Records:
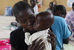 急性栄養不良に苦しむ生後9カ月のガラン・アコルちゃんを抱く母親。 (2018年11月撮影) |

==

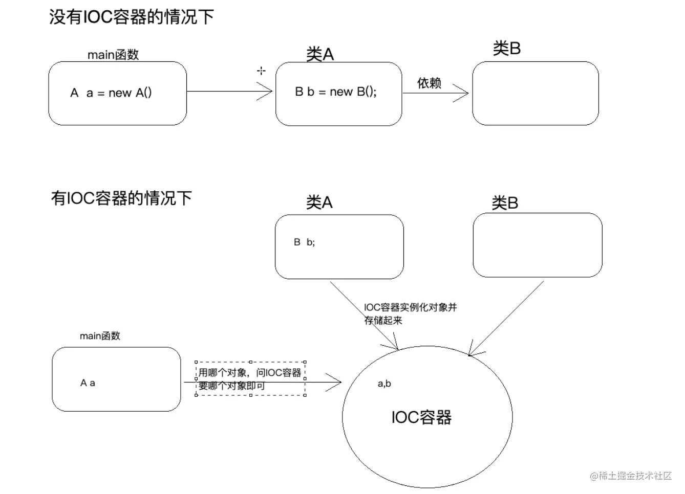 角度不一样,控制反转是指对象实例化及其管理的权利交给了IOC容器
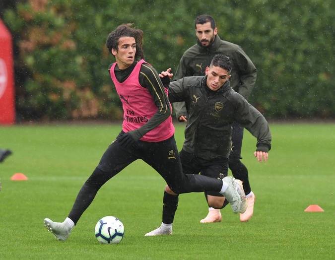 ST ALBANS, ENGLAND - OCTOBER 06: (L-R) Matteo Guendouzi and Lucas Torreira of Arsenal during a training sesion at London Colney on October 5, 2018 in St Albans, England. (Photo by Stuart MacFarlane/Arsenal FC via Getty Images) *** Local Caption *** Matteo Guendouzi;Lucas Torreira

Your goal:
Above are records; repeat only the lines from the line with "角度不一样,控制反转是指对象实例化及其管理的权利交给了IOC容器" through the line with "ST ALBANS, ENGLAND - OCTOBER", and leave pictures out.

Response area:
 角度不一样,控制反转是指对象实例化及其管理的权利交给了IOC容器
 ST ALBANS, ENGLAND - OCTOBER 06: (L-R) Matteo Guendouzi and Lucas Torreira of Arsenal during a training sesion at London Colney on October 5, 2018 in St Albans, England. (Photo by Stuart MacFarlane/Arsenal FC via Getty Images) *** Local Caption *** Matteo Guendouzi;Lucas Torreira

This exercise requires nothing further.